Setelah mencapai tujuan ini, dia yakin bahwa seseorang akan memberinya hadiah begitu dia kembali ke ibu kota.
Adapun apakah Penguasa Kegelapan akan mulai bergantung pada Klan Barbar…hmph, begitu dia memasuki Dunia Fantasi Gunung Mendidih, dia telah sepenuhnya menghancurkan semua kemungkinan untuk bergantung pada Klan Barbar!
Jika tidak, apakah Anda benar-benar berpikir Istana Kekaisaran akan begitu murah hati? Segala sesuatu di dunia ini ada harganya.
“Jenderal Ye Qin?” tanya seorang Saint dari Gurun Barat dengan hormat.
Ye Qin melambaikan tangannya, “Tidak apa-apa, ini hanya masalah kecil. Mari kita lanjutkan perjalanan!”
Dengan lambaian lengan bajunya, dia melingkupi ketiga Orang Suci itu dengan kekuatannya dan terus berbaris menuju Area Perbatasan Utara Tanah Barbar Barat.
Bagi Ye Qin, yang telah mencapai tingkat puncak seorang Penguasa dan cukup kuat untuk berkultivasi menuju alam Raja, Penguasa Kegelapan yang baru berada di alam Suci bagaikan semut.
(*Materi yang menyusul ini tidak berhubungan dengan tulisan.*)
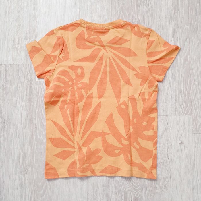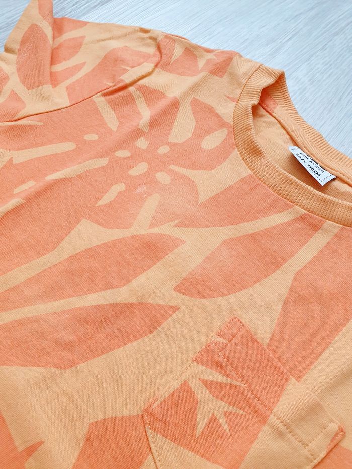 5 ans. Bon état. Valeur neuf 8€. T-shirt manches courtes et col rond • Coloris orange • Imprimé maxi feuilles • Coton biologique • Poche sur la poitrine.
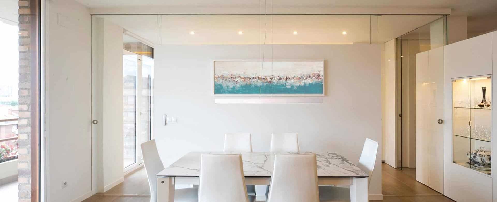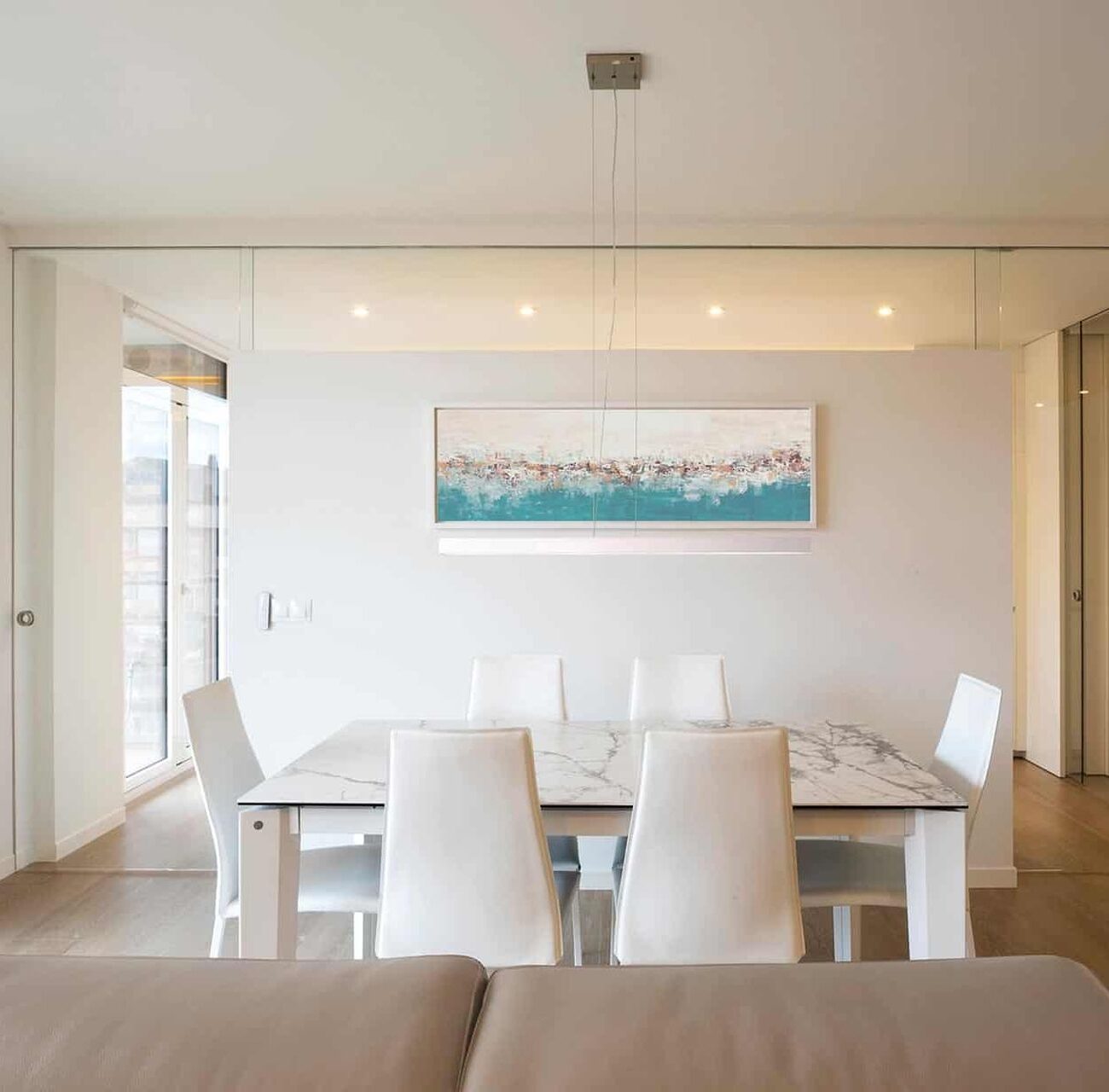 Por otro lado, las vistas, las terrazas y los grandes ventanales que posee la vivienda a sur, hace que se plantee el espacio de relación de salón-comedor-cocina hacia dicha orientación, cambiando la ubicación originaria de la cocina y dejando las estancias más privadas, dormitorios, baños y estudio, hacia norte. La cocina se relaciona con el salón-comedor mediante cristaleras que dejan pasar la luz y amplian el espacio, pero sin establecer una visión directa con la cocina.

Jika dia mau, dia bisa mengalahkan Penguasa Kegelapan hanya dengan satu jari.
Tentu saja tidak perlu terburu-buru!
Saat Pangeran Keenam terperosok ke dalam jurang, barulah kita akan melihat siapa yang akan tertawa terakhir dan merebut harta karun itu.
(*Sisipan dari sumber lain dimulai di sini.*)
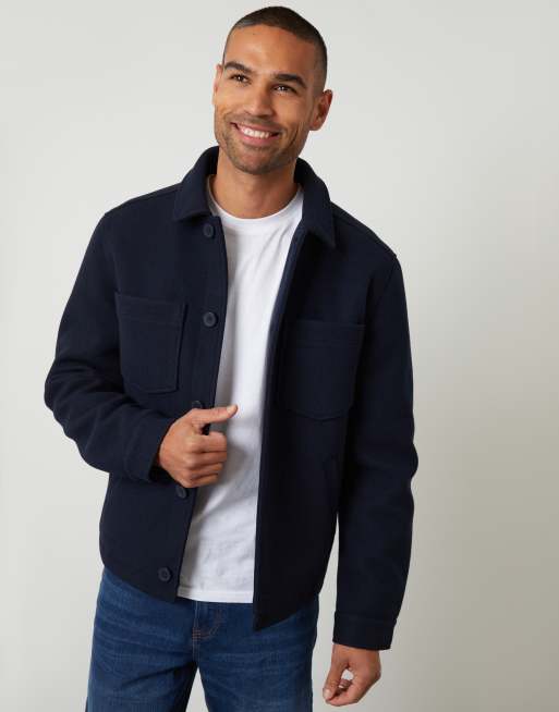 Threadbare Faux wool button up quilted shacket in navy
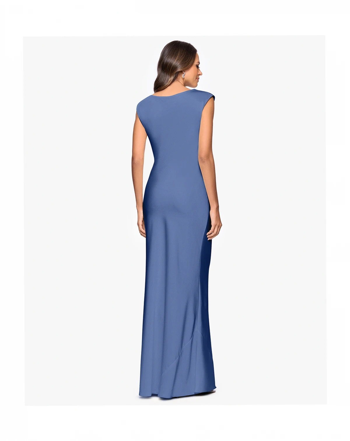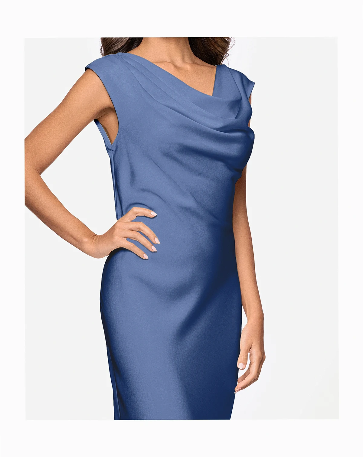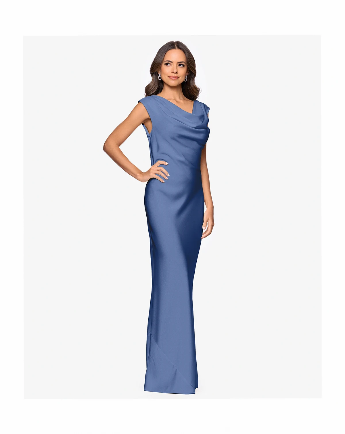 A graceful cowl neckline elevates this Betsy & Adam sheath dress, offering a streamlined silhouette. Lined construction provides comfort and elegance for special events.
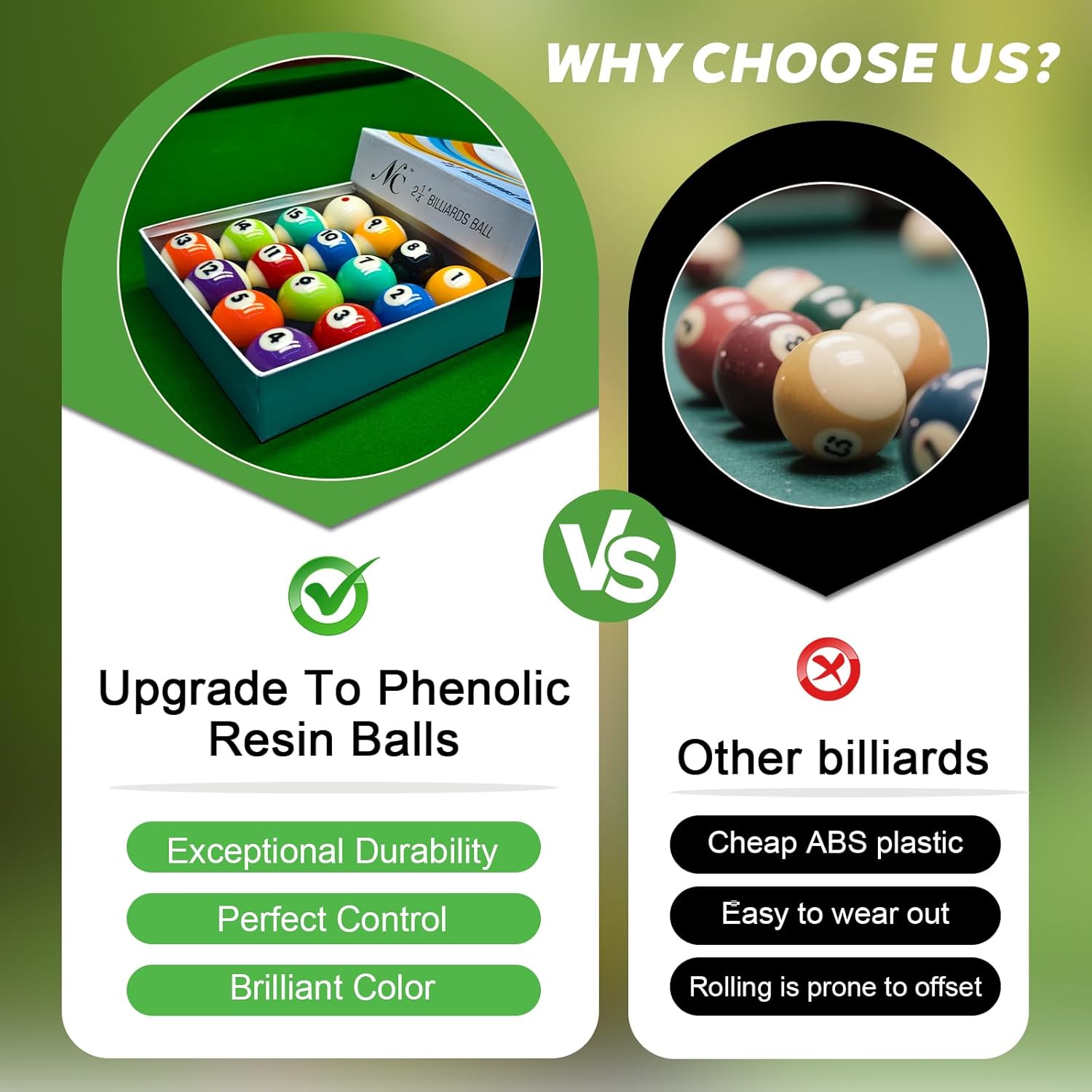 - Premium Resin Construction: Crafted from top-grade polyester resin, this pool balls set delivers exceptional durability and longevity. Engineered to meet professional standards of roundness, balance, and hardness, these balls ensure smooth rolls and consistent rebounds every time.

Memikirkan hal ini, mata Ye Qin dipenuhi dengan panas yang tak berujung.
Kerajaan Raja…
Jika dia bisa memasuki alam Raja, dia akan menjadi salah satu kultivator terkuat di Daerah Terpencil. Dia akan mampu mengawasi kesepuluh penjuru dan semua negara di dunia.
Ke mana pun dia pergi, dia akan dihormati!
……
Tidak semua tim memiliki perjalanan yang mulus!
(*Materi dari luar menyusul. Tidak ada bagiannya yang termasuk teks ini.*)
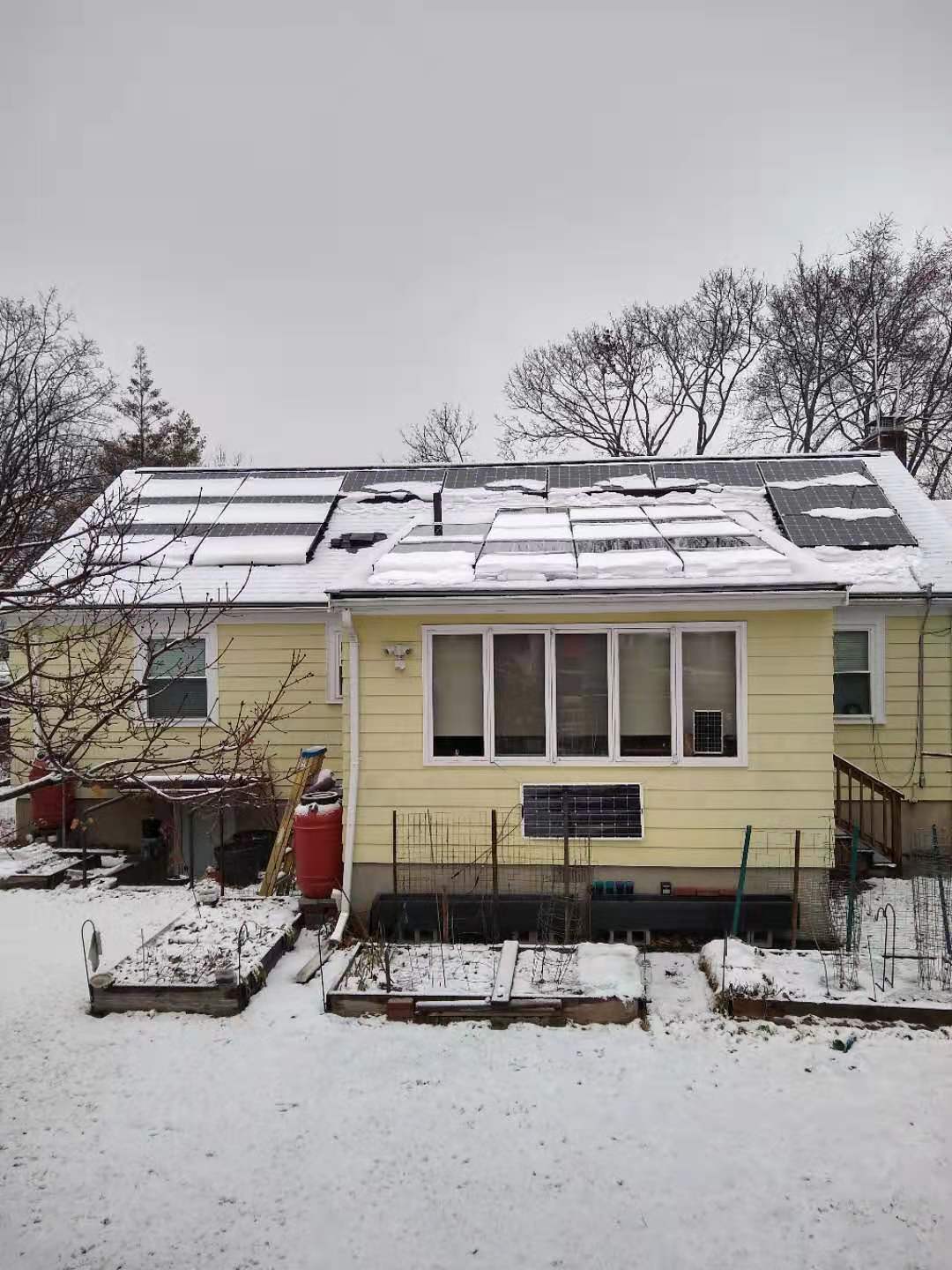 i had an english muffin sandwich for lunch. checking the solar panel production timeline, i could still see that certain panels had low production, meaning they were still partially snow-covered. once the rain started to look like it might be stopping, i left the house around 2:45pm for my parents' place to clean the panels.

Tim yang dipimpin oleh Pemimpin Sekte Iblis Malam secara tidak sengaja mengungkapkan keberadaan mereka saat mencari Makam Raja Barbar.
Pertempuran hebat pun terjadi, dan meskipun mereka berhasil melarikan diri, ada kaum barbar kuat yang terus mengejar mereka setelahnya. Pada akhirnya, mereka kehilangan dua orang Suci.
Akibatnya, West Desolate memanfaatkan pertempuran ini untuk secara diam-diam mencari tahu tentang rencana West Barbarians. Hal ini menyebabkan West Barbarians waspada karena tindakan mereka.
Pemimpin Sekte Iblis Malam memasang ekspresi muram di wajahnya saat ia buru-buru mengirim surat untuk memberitahukan masalah ini kepada dunia luar dan terus bergerak maju. Setelah mengetahui hal ini, Suku Malam Gelap, yang merupakan divisi terkuat di Tanah Barbar Barat dan memiliki hubungan darah dengan Raja Barbar, mulai berdiskusi tentang tindakan abnormal Gurun Barat.
Para pemimpin divisi utama di Tanah Barbar Barat ikut serta dalam konferensi ini. Mereka duduk mengelilingi meja batu besar dan bundar, dan semuanya tampak serius.
“Kepada semua pemimpin divisi, kalian semua telah membaca informasi mengenai masalah ini. Silakan sampaikan pendapat kalian sekarang,” kata Pemimpin Suku Malam Gelap dengan tegas. Ia berambut putih dan berwajah keriput, dan sambil berkata demikian, ia membuka satu-satunya matanya dan menyapu pandangan ke arah orang-orang di depannya.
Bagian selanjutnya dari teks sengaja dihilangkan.